SUPPLIED MATERIAL START
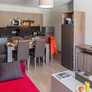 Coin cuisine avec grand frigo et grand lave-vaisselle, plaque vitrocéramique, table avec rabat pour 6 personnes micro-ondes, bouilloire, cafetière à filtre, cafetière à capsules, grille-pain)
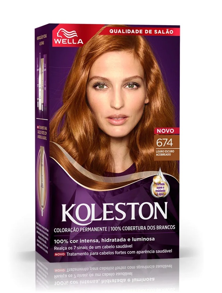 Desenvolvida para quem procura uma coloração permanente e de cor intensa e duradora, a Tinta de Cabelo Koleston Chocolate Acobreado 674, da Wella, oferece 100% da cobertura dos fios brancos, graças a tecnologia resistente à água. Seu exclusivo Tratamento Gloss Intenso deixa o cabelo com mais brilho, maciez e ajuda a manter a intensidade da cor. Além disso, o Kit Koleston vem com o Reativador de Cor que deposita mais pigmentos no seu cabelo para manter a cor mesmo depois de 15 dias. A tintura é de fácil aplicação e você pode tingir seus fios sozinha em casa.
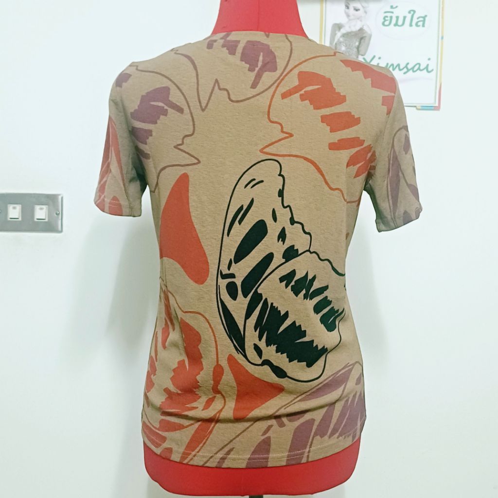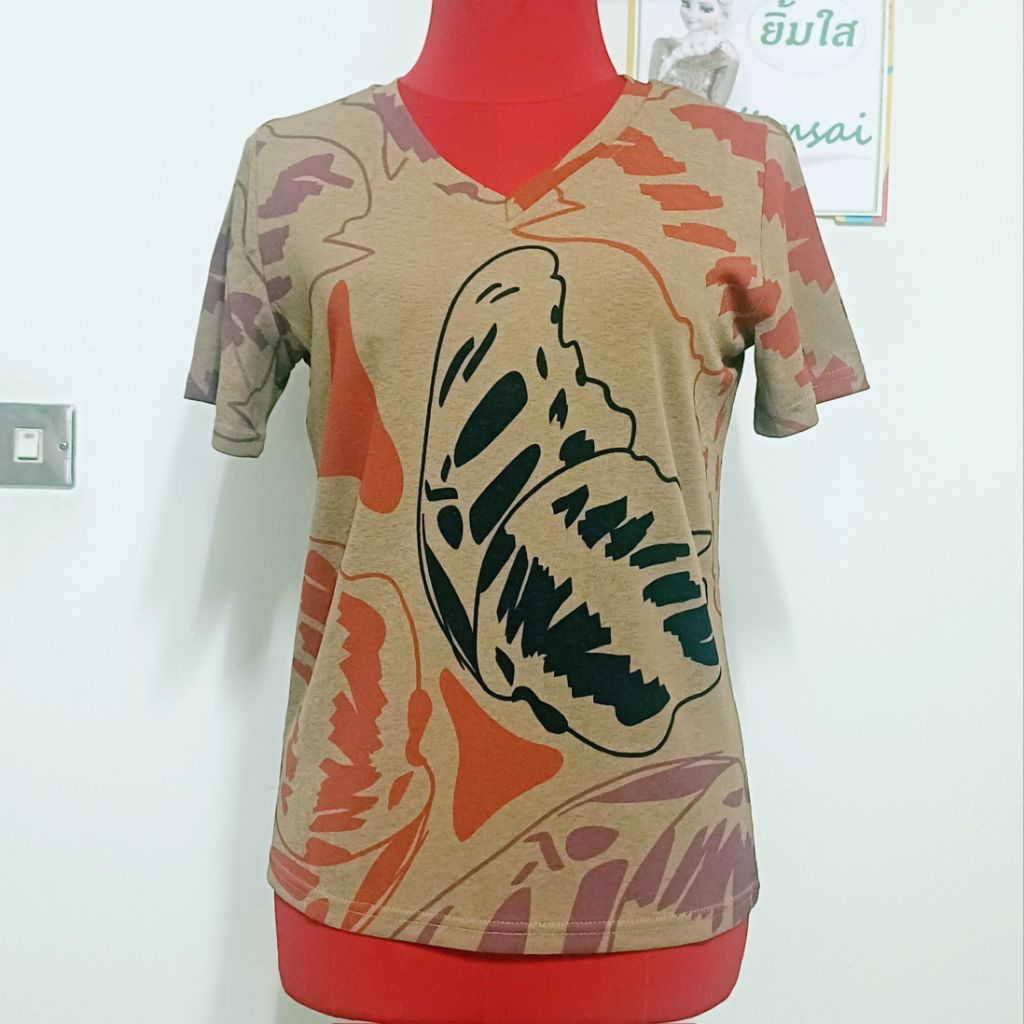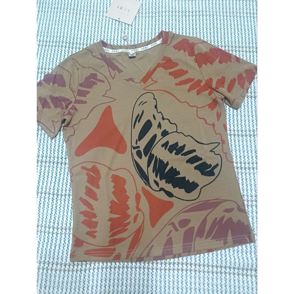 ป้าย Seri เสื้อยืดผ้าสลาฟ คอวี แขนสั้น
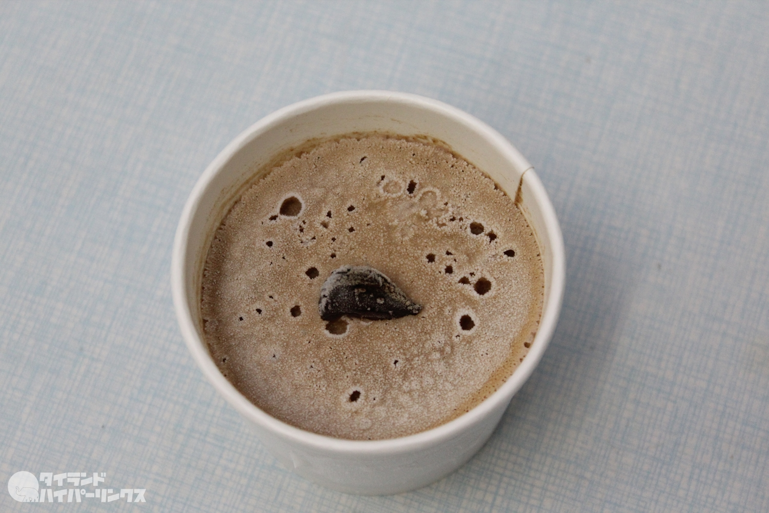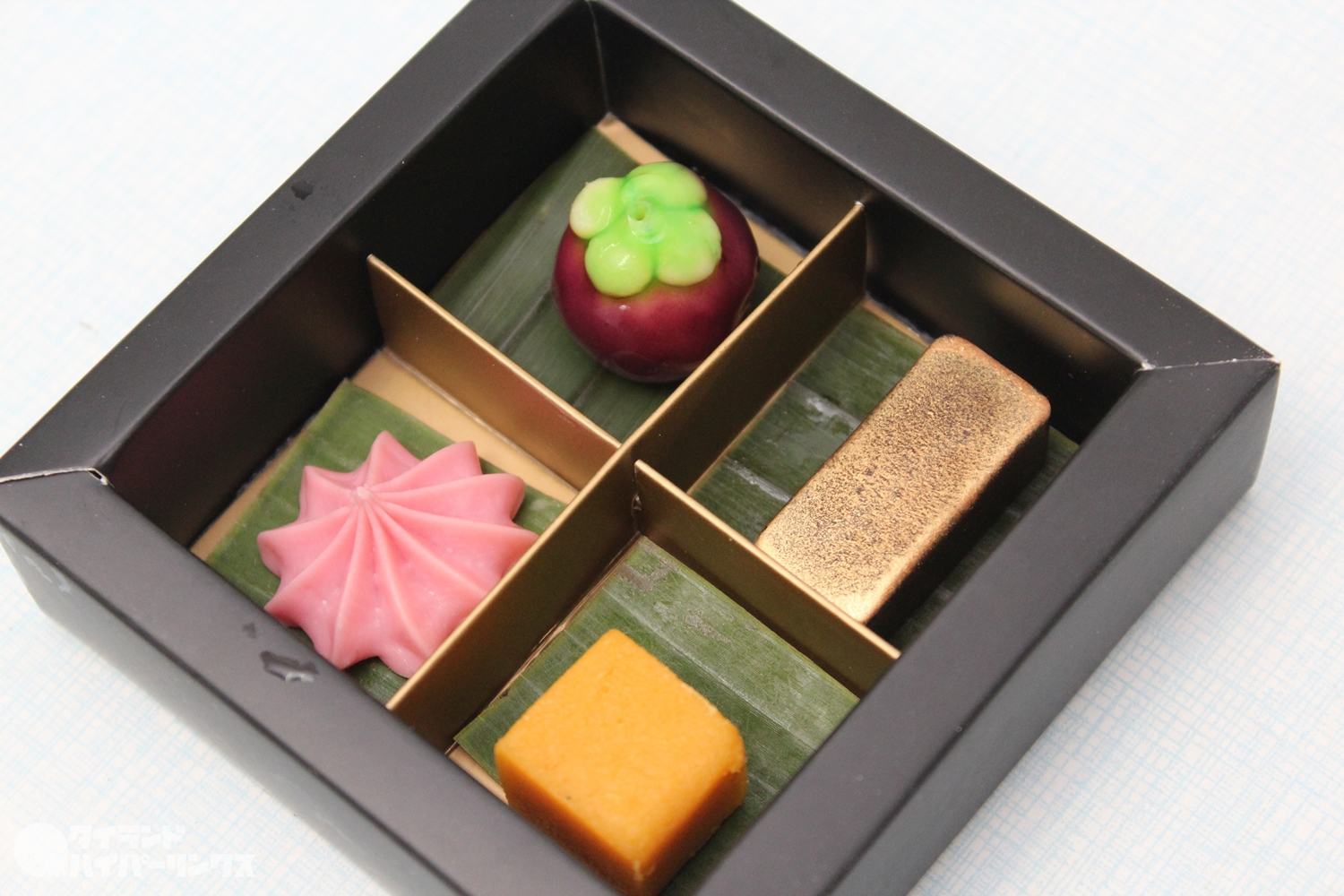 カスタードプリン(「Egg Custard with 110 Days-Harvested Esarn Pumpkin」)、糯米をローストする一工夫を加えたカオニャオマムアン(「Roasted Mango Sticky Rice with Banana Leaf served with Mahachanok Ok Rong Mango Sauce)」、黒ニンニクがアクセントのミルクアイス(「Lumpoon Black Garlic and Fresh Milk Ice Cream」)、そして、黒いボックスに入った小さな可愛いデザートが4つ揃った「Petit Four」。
SUPPLIED MATERIAL END
### TASK DIRECTIONS
The lines from the one containing "Desenvolvida para quem" through the last line of the data above are to be transcribed exactly, both included, with all pictures left out.

### TASK SOLUTION
 Desenvolvida para quem procura uma coloração permanente e de cor intensa e duradora, a Tinta de Cabelo Koleston Chocolate Acobreado 674, da Wella, oferece 100% da cobertura dos fios brancos, graças a tecnologia resistente à água. Seu exclusivo Tratamento Gloss Intenso deixa o cabelo com mais brilho, maciez e ajuda a manter a intensidade da cor. Além disso, o Kit Koleston vem com o Reativador de Cor que deposita mais pigmentos no seu cabelo para manter a cor mesmo depois de 15 dias. A tintura é de fácil aplicação e você pode tingir seus fios sozinha em casa.
 ป้าย Seri เสื้อยืดผ้าสลาฟ คอวี แขนสั้น
 カスタードプリン(「Egg Custard with 110 Days-Harvested Esarn Pumpkin」)、糯米をローストする一工夫を加えたカオニャオマムアン(「Roasted Mango Sticky Rice with Banana Leaf served with Mahachanok Ok Rong Mango Sauce)」、黒ニンニクがアクセントのミルクアイス(「Lumpoon Black Garlic and Fresh Milk Ice Cream」)、そして、黒いボックスに入った小さな可愛いデザートが4つ揃った「Petit Four」。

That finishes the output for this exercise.